Friday, January 9, 2026

Generation (Of) Alpha

Though the title may sound similar, this is not about a post on people who were born in between the entirety of 2010s and early 2020s. Rather, we are exploring the financial parlance for the word alpha, which is the excess above market returns.


Picture generated by ChatGPT


Using one of the U.S. markets’ indices as an example, the S&P 500, it returned around 17% for the whole of 2025. Meanwhile, Nvidia, a constituent of the S&P 500, returned close to 36% for the same period. Thus, the alpha generated by Nvidia was 36 – 17 = 19%.


Alpha is relative to a selected benchmark index, so choosing the right benchmark is important for accurate interpretation.

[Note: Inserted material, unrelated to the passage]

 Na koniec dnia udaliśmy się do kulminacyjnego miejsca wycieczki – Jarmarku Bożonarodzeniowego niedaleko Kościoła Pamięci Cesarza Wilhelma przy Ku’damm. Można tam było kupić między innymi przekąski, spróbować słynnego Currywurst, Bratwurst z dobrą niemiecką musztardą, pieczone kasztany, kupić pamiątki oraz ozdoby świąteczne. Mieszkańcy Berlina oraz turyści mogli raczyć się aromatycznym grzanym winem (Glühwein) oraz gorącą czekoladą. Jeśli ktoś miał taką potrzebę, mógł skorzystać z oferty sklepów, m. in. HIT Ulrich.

In the above example, though the S&P 500 was used, other major indices like the Dow Jones 30 and NASDAQ could also be utilised as they are the main representations of the U.S. market in general (which Nvidia is part of as well). Conversely, although the Russell 2000 is a major index, it is not appropriate to compare it with Nvidia, a large-cap counter, for alpha as the former is the primary benchmark for small-cap equities.


On top of individual companies, alpha can be calculated on whole investment portfolios, too, in gauging performance. For instance, a portfolio made up entirely of U.S. equities could be compared with the S&P 500 or Dow Jones, and a portfolio of Singapore counters could be used with the Straits Times Index. Sometimes a mixed local-foreign portfolio is weighed up against relevant indices. Ultimately, it is up to the individual investor on which to apply on, provided it is relevant and reasonable.

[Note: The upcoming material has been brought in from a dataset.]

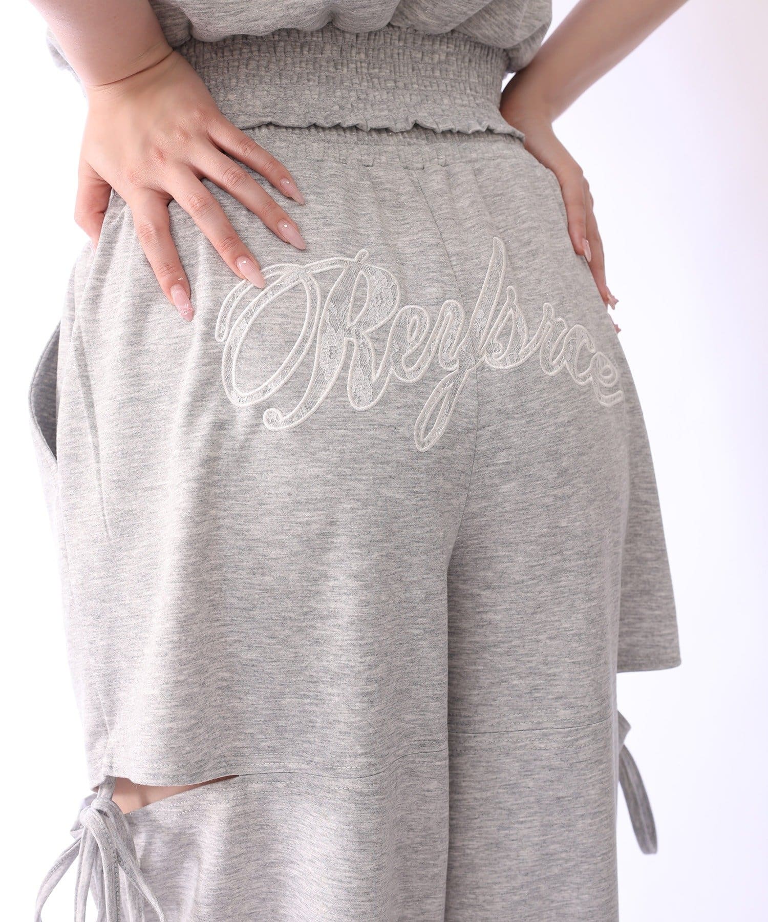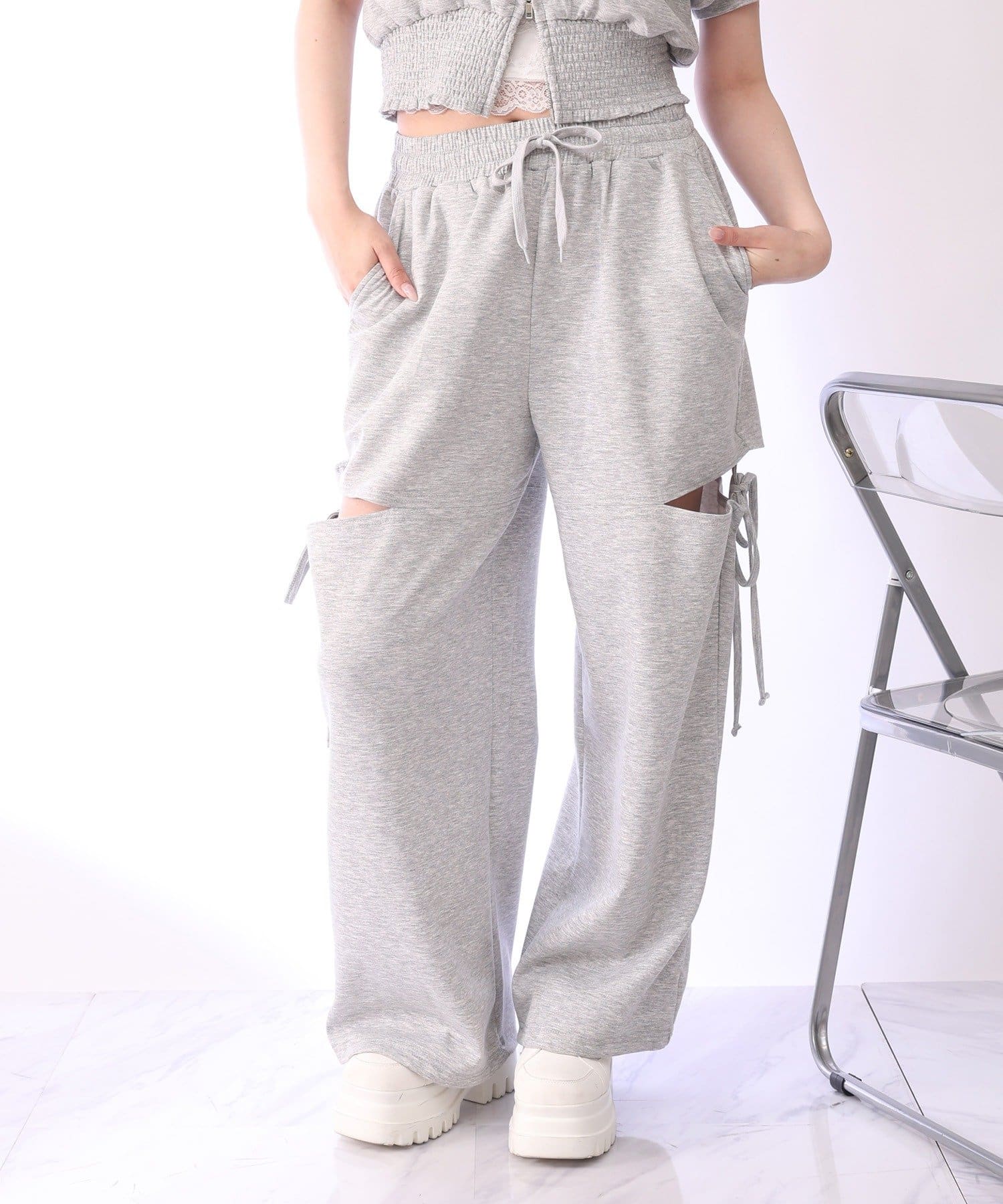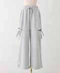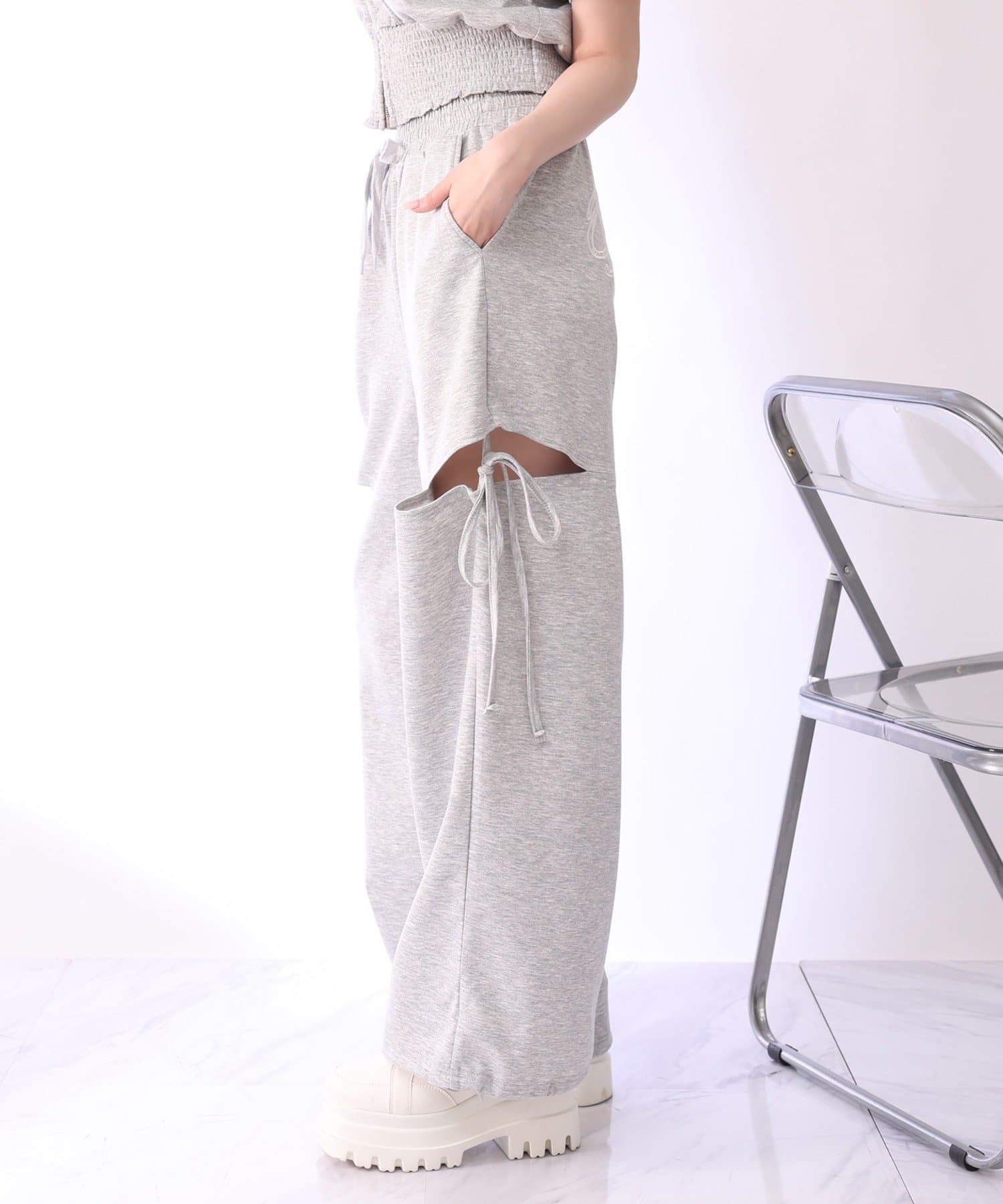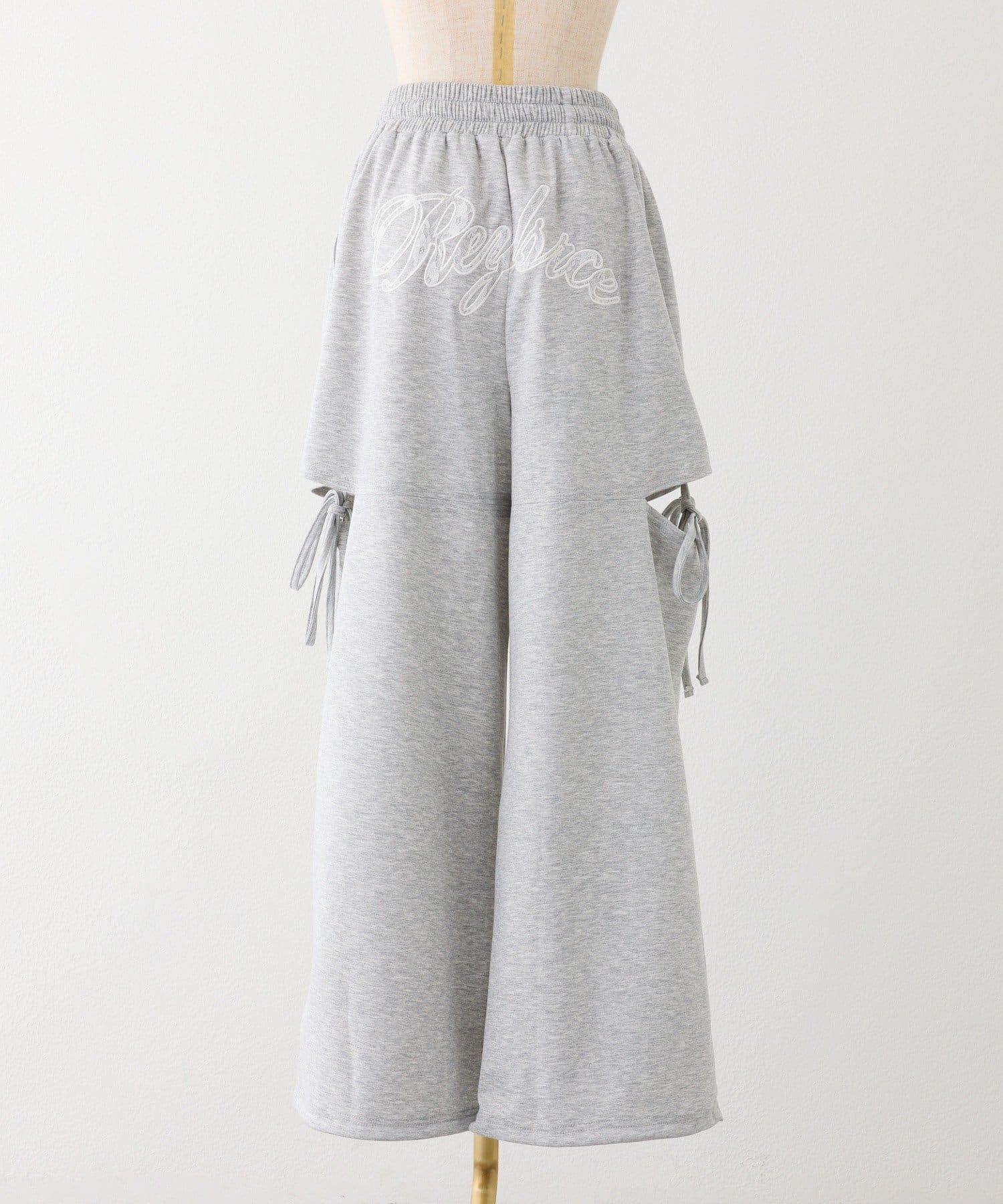 サイドスリットにリボンデザインをあしらったカット素材のパンツ。

Generating alpha on a portfolio level requires the employment of active investing, be it via individual counter selection and/or going into active funds. On a multi-portfolio level (e.g. the Portfolio Multiverse concept), on top of what was suggested in the previous sentence, the Trading Portfolio is a way to do so, in which it may be a possible option for passive investors with index funds in the main portfolio. Another way for passive investors is either to adopt a core-satellite structure (core of passive index funds with satellite of active funds/individual securities) or to create another portfolio for active investing. The combinations are varied and flexible.


For our Bedokian Portfolio, we adopted the core-satellite methodology, and some of our satellite counters are part of index exchange traded funds (ETFs) in our core; while this may be viewed as an overlap (e.g. “why buy Nvidia when you already have the S&P 500 ETF?”), the securities were selected based on different merits. For this case, we have the S&P 500 for U.S. market exposure, but we are vested in Nvidia for the artificial intelligence growth potential with its chips, subject to our own weightage limit for individual company counter (i.e., the 12% limit). This is one of our ways in the generation of portfolio alpha.


Disclosure

The Bedokian is vested in the S&P 500 via the SPY ETF, and in Nvidia.